= Bernie Wood =

Bernard Joseph Wood (9 December 1939 – 28 April 2013) was a New Zealand rugby league administrator and sports historian.

==Biography==
Wood was born in Greymouth in 1939 and was educated at Marist Brothers Boys' School there. He was a member of the New Zealand Schoolboys rugby league team in 1954.

After moving to Wellington, Wood served for 24 years as secretary–treasurer or chairman of the Wellington Rugby League. He was deputy chairman of the New Zealand Rugby League in 1992.

Wood was an historian of rugby league and harness racing in New Zealand, writing several books on the subjects.
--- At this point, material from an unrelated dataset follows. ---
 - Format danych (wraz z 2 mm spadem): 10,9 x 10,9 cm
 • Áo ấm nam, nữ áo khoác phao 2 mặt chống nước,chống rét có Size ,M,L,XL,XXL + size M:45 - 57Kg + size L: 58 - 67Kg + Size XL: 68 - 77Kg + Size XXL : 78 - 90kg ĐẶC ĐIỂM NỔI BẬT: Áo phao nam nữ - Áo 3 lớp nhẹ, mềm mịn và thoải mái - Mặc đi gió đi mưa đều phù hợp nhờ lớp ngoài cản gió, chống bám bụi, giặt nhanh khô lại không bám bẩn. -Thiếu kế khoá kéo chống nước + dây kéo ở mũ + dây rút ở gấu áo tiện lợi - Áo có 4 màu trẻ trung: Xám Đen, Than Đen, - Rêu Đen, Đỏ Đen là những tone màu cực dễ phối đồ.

He edited the New Zealand Rugby League Annual from 1977 to 2002.

In the 2000 New Year Honours, Wood was appointed a Member of the New Zealand Order of Merit, for services to sport. In 2008 he was made a life member of the New Zealand Rugby League.
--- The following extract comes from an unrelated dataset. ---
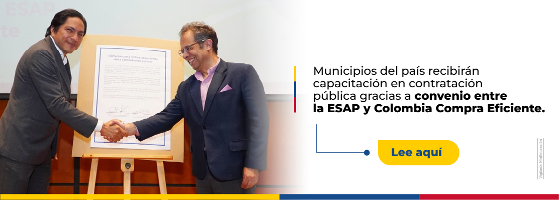 Bogotá, 17 de marzo de 2023. (Comunicaciones ESAP) La Escuela Superior de Administración Pública -ESAP y la Agencia Nacional de Contratación Pública – Colombia Compra Eficiente, firmaron un convenio interadministrativo con el objetivo de unificar esfuerzos para la formación, capacitación y asistencias técnicas en temas estratégicos de la contratación pública.

Wood died of cancer at his home in the Porirua suburb of Whitby in 2013, and was buried at Whenua Tapu Cemetery, Pukerua Bay.

==Books==
Books written or co-written by Wood include:
- Flying sulkies: a history of the New Zealand Trotting Cup 1904–1980. Moa, Auckland (1981).
- The Cup 1904–2003: 100 years of the New Zealand Trotting Cup. Trio Books, Wellington (2003).
- The Kiwis: 100 years of international rugby league (with John Coffey). Hodder Moa, Auckland (2007).
- 100 years: Māori rugby league, 1908–2008 (with John Coffey). Huia, Wellington (2008).
- Auckland, 100 years of rugby league, 1909–2009 (with John Coffey). Huia, Wellington (2009).